* [Exercise description]: Return the records from the first line through the line containing "kettingstaanders</h2><strong>complete mobiele set", and leave out the pictures.

○ ○ ○

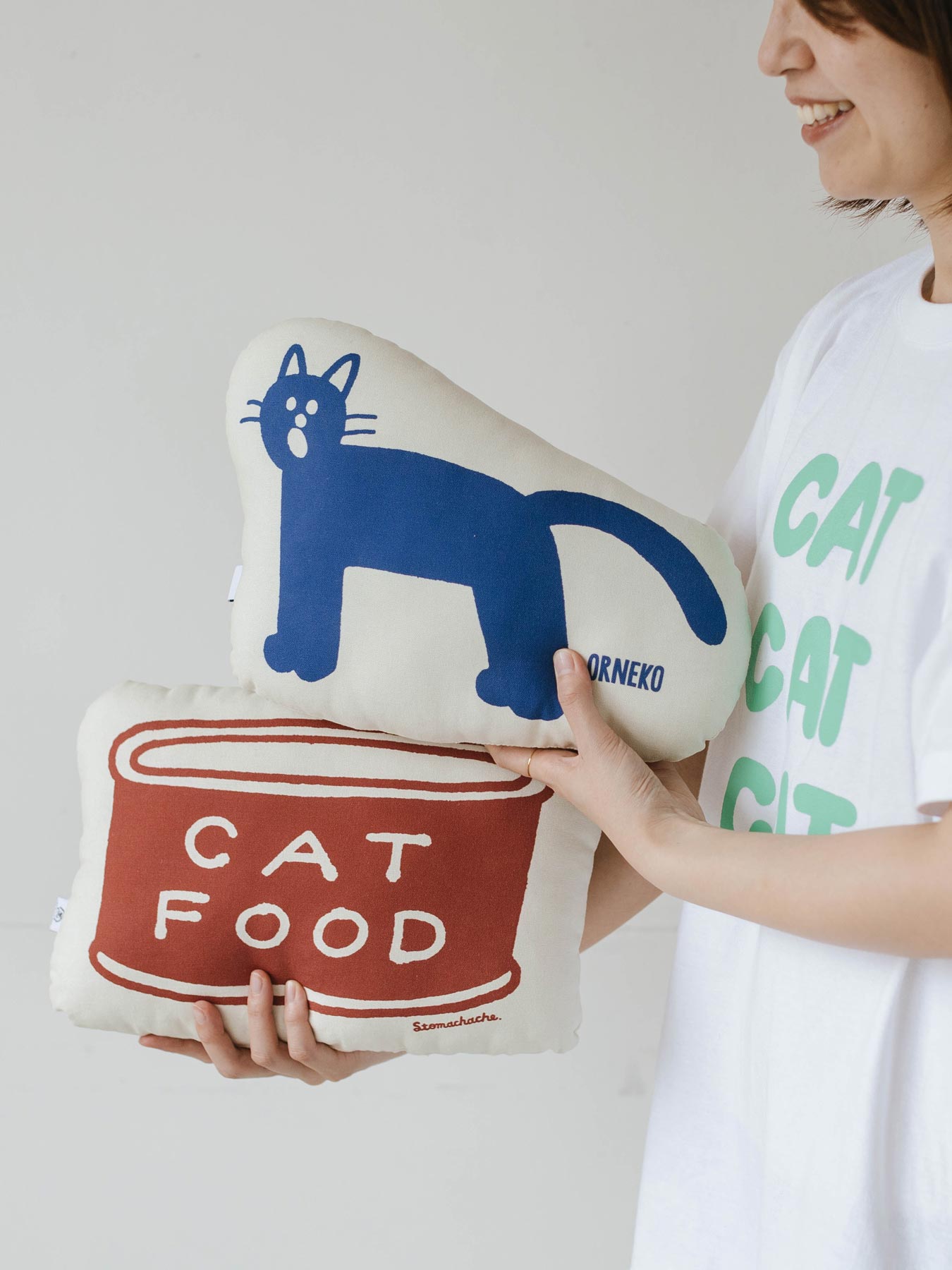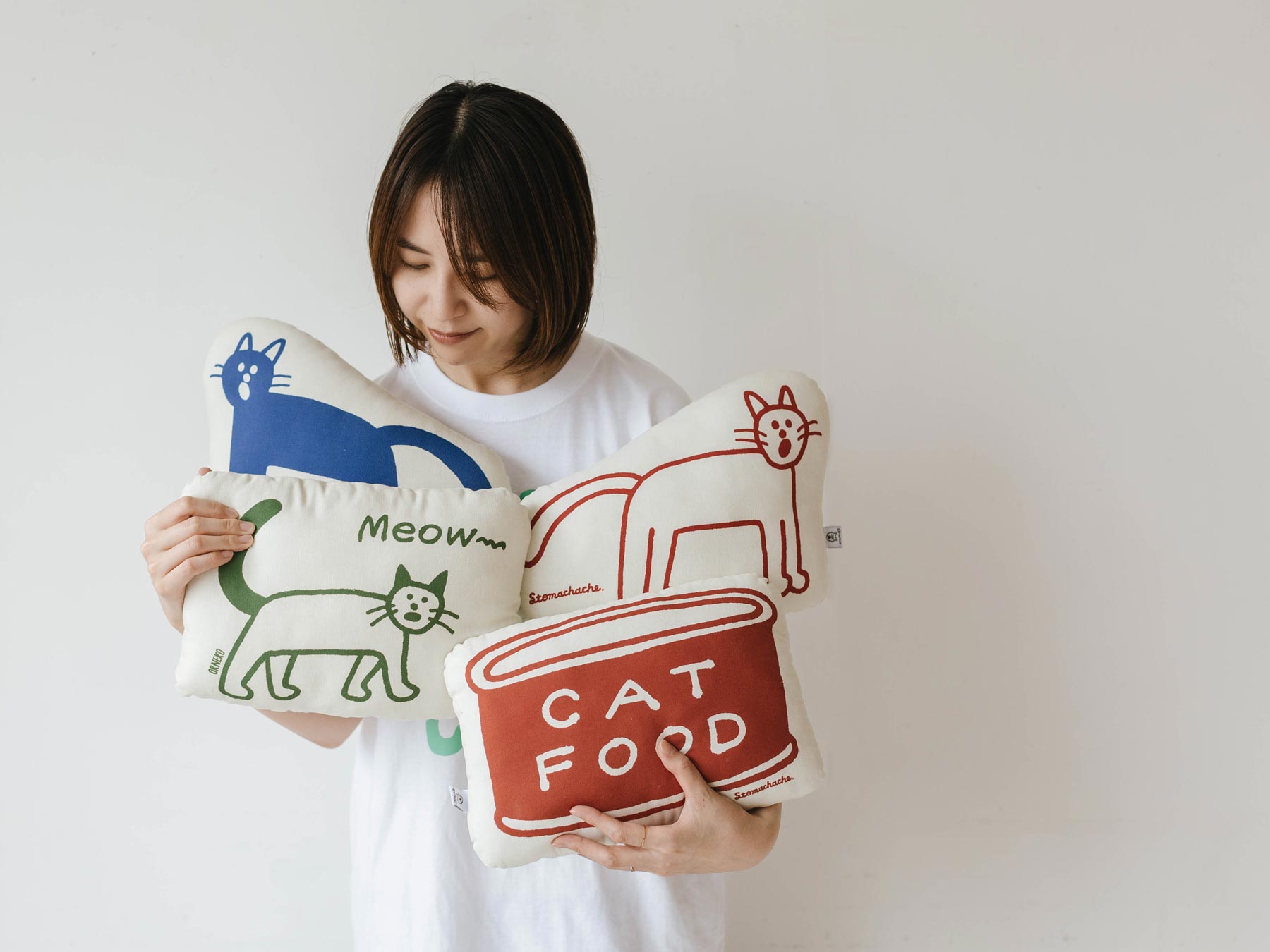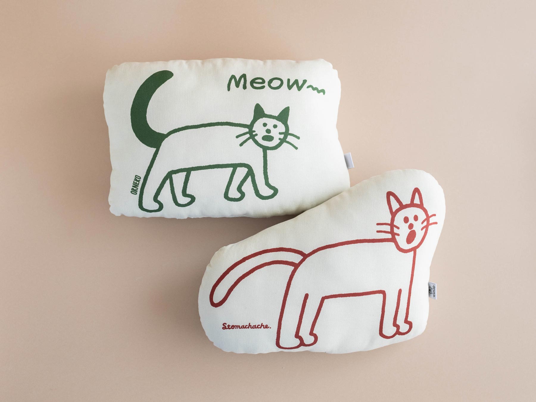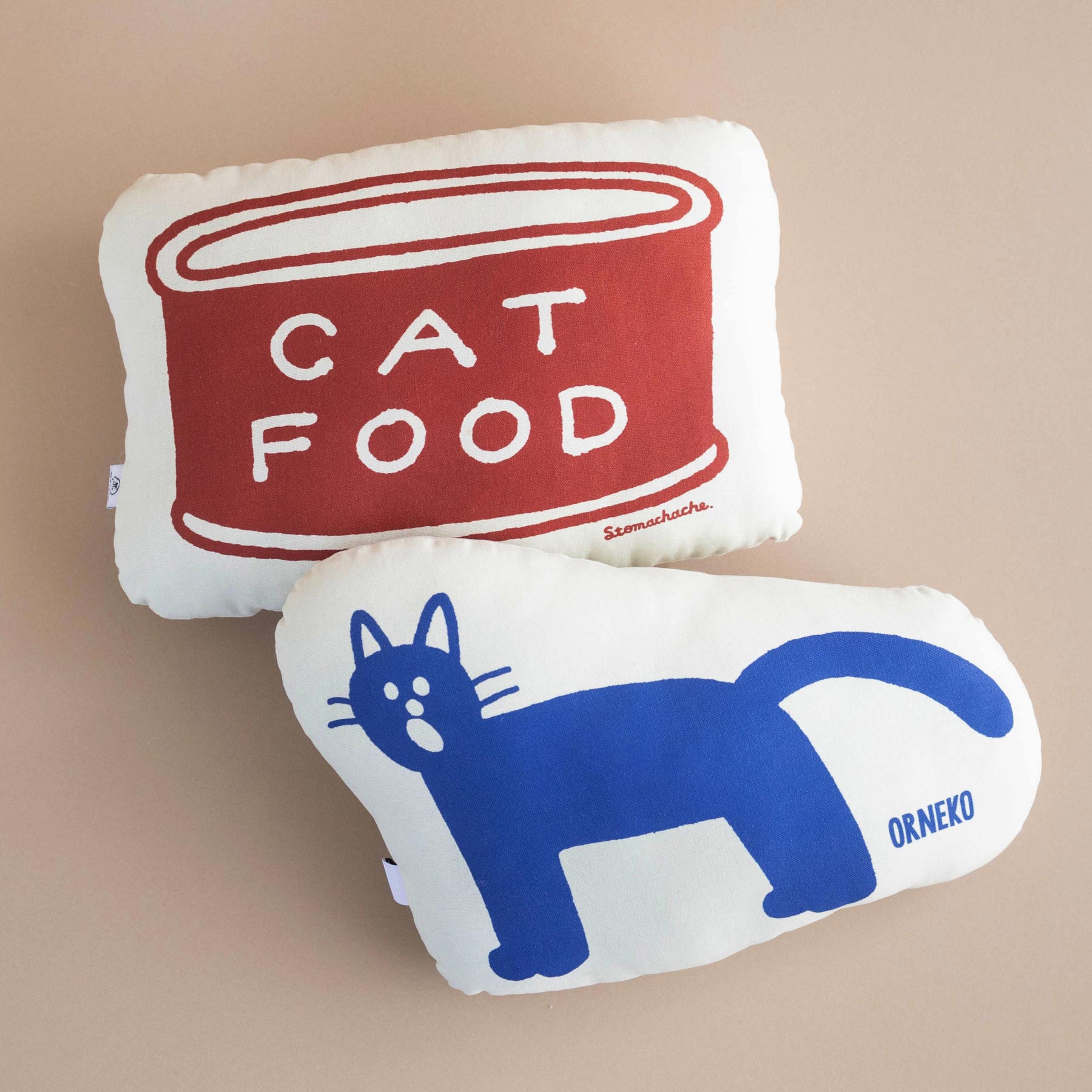 人気イラストレーターSTOMACHACHE. 描き下ろしのアートワークをプリントした、オルネコオリジナルのミニクッションです。
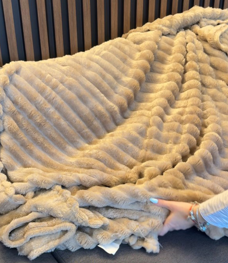 Bucurați-vă de căldură și confort cu acest pled elegant! Textura sa unică cu model geometric adaugă un accent modern și rafinat în interiorul casei. Fleece de înaltă calitate asigură finețe, durabilitate și ușurință în întreținere.
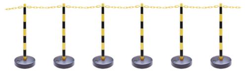 "longDescription": "<h2>Set kettingstaanders</h2><strong>complete mobiele set voor snel afzetten</strong><br><ul><li><strong>set bestaande uit:</strong> 6 kettingpalen, 10 m ketting, 10 verbindingsschakels, 10 inhanghaken</li><li>met geïntegreerde kettinghouder</li><li><strong>licht en ongevoelig</strong> - paal van kunststof</li></ul><br><h3>De keuze is aan jou:</h3><ul><li><strong>voor elk doel de juiste voet</strong> - driehoekig van kunststof met beton gevuld, rond van kunststof en vulbaar of vierkant van hard rubber</li></ul><br>De kettingstandaardset is perfect geschikt voor een eenvoudige en snelle mobiele afzetting. Met de meegeleverde 6 kettingstatieven, 10 m ketting, 10 verbindingsschakels en 10 haken kan elk gebied worden afgezet. Dankzij de hoogte van 870 mm is de barrière altijd duidelijk zichtbaar voor automobilisten en voetgangers. <br><br>De kunststof palen hebben een diameter van 40 mm en zijn verkrijgbaar in de kleurencombinaties rood/wit of geel/zwart, waardoor een extra signaalwerking ontstaat. Bovendien hebben de kettingsteunen een geïntegreerde kettinghouder. De stands moeten op een afstand van maximaal 2 m worden geplaatst. Afhankelijk van het beoogde gebruik, kunt u kiezen tussen verschillende voetontwerpen.<br>",
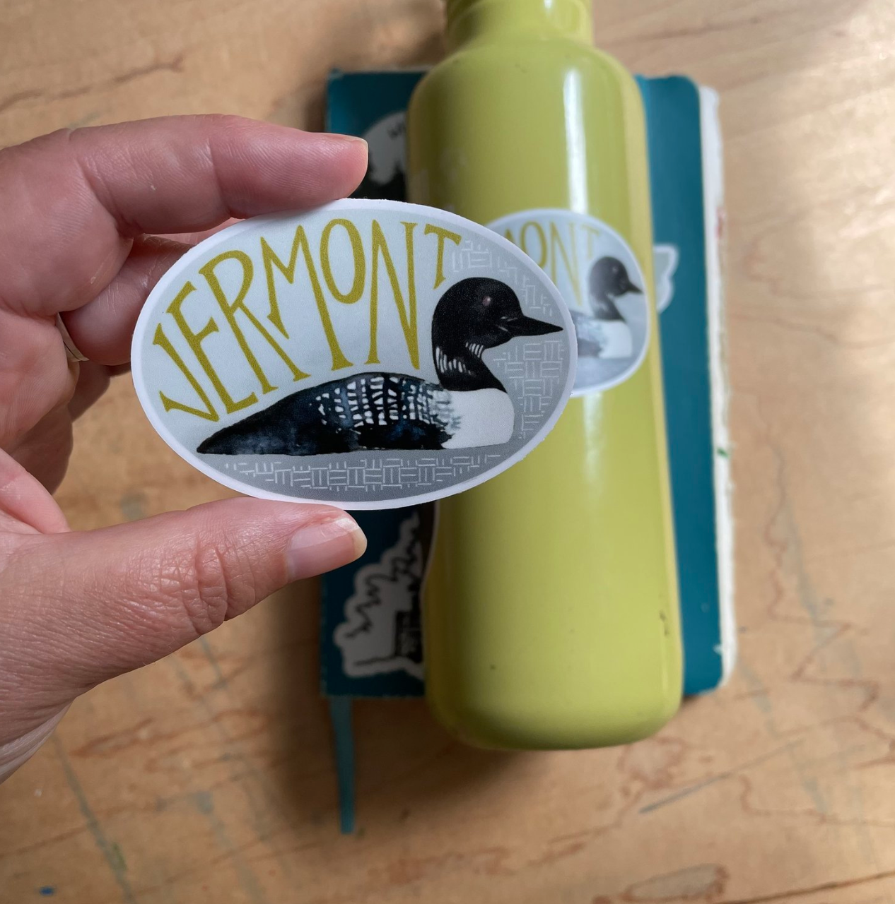 Super tough sticker featuring Vermont's loons. 2" x 2 3/4"
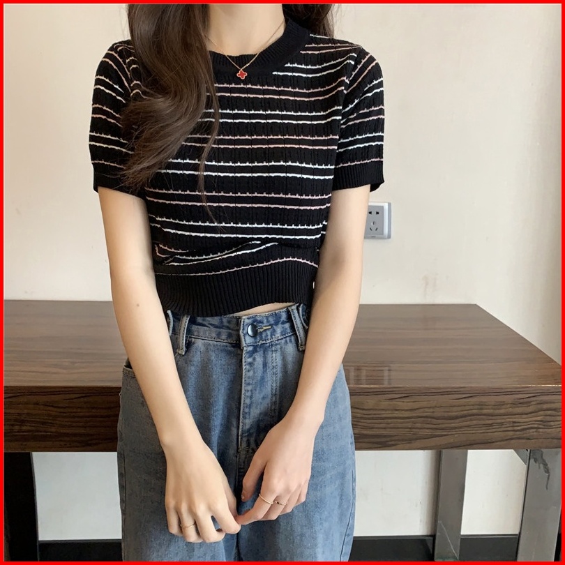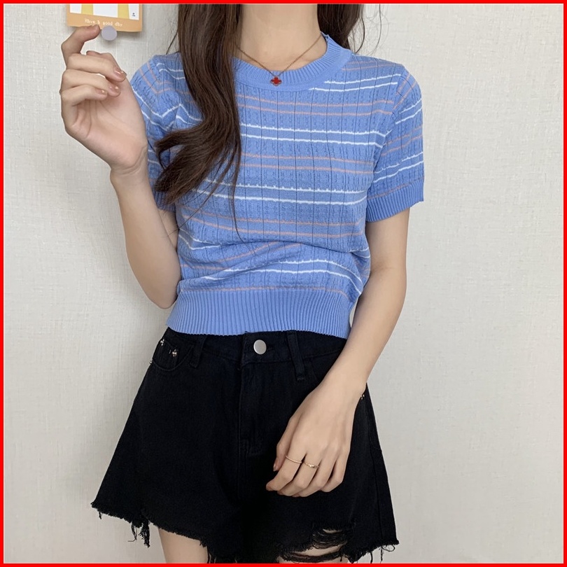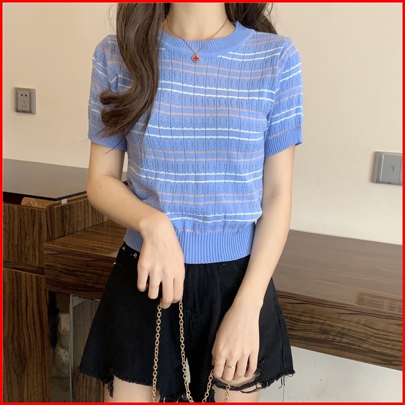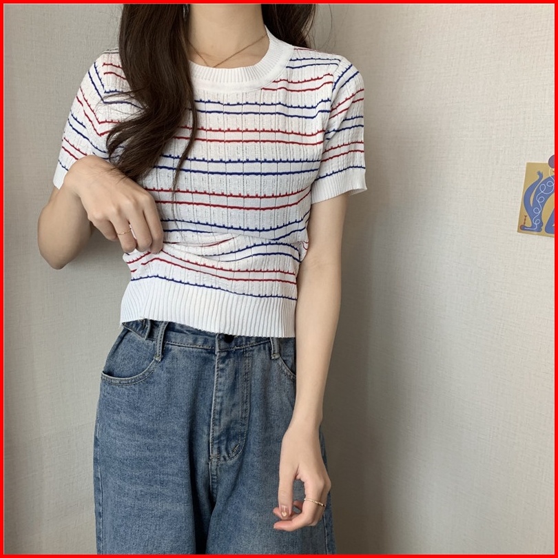 Kaos Rajut Lengan Pendek Wanita Knit T-shirt Baju Atasan Putih Korean Style
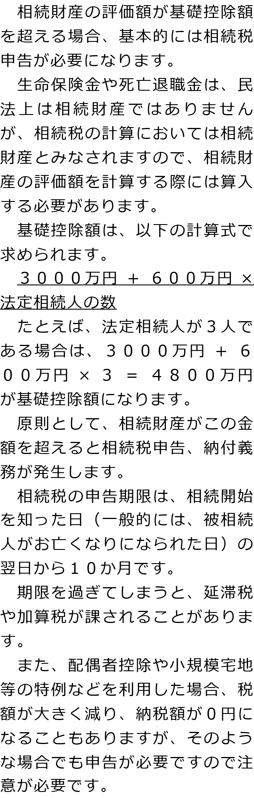 Q相続税申告はどのような場合に必要ですか?A Q&A(目次)Q&Aトップ相続手続きの必要事項に関するQ&A 受付時間 平日 9時~21時、土日祝 9時~18時 夜間・土日祝の相談も対応します (要予約) 所在地 〒601-8003 京都府京都市南区東九条西山王町11白川ビルⅡ4F 0120-2403-39 お問合せ・アクセス・地図

○ ○ ○

* [Exercise response]:
 人気イラストレーターSTOMACHACHE. 描き下ろしのアートワークをプリントした、オルネコオリジナルのミニクッションです。
 Bucurați-vă de căldură și confort cu acest pled elegant! Textura sa unică cu model geometric adaugă un accent modern și rafinat în interiorul casei. Fleece de înaltă calitate asigură finețe, durabilitate și ușurință în întreținere.
 "longDescription": "<h2>Set kettingstaanders</h2><strong>complete mobiele set voor snel afzetten</strong><br><ul><li><strong>set bestaande uit:</strong> 6 kettingpalen, 10 m ketting, 10 verbindingsschakels, 10 inhanghaken</li><li>met geïntegreerde kettinghouder</li><li><strong>licht en ongevoelig</strong> - paal van kunststof</li></ul><br><h3>De keuze is aan jou:</h3><ul><li><strong>voor elk doel de juiste voet</strong> - driehoekig van kunststof met beton gevuld, rond van kunststof en vulbaar of vierkant van hard rubber</li></ul><br>De kettingstandaardset is perfect geschikt voor een eenvoudige en snelle mobiele afzetting. Met de meegeleverde 6 kettingstatieven, 10 m ketting, 10 verbindingsschakels en 10 haken kan elk gebied worden afgezet. Dankzij de hoogte van 870 mm is de barrière altijd duidelijk zichtbaar voor automobilisten en voetgangers. <br><br>De kunststof palen hebben een diameter van 40 mm en zijn verkrijgbaar in de kleurencombinaties rood/wit of geel/zwart, waardoor een extra signaalwerking ontstaat. Bovendien hebben de kettingsteunen een geïntegreerde kettinghouder. De stands moeten op een afstand van maximaal 2 m worden geplaatst. Afhankelijk van het beoogde gebruik, kunt u kiezen tussen verschillende voetontwerpen.<br>",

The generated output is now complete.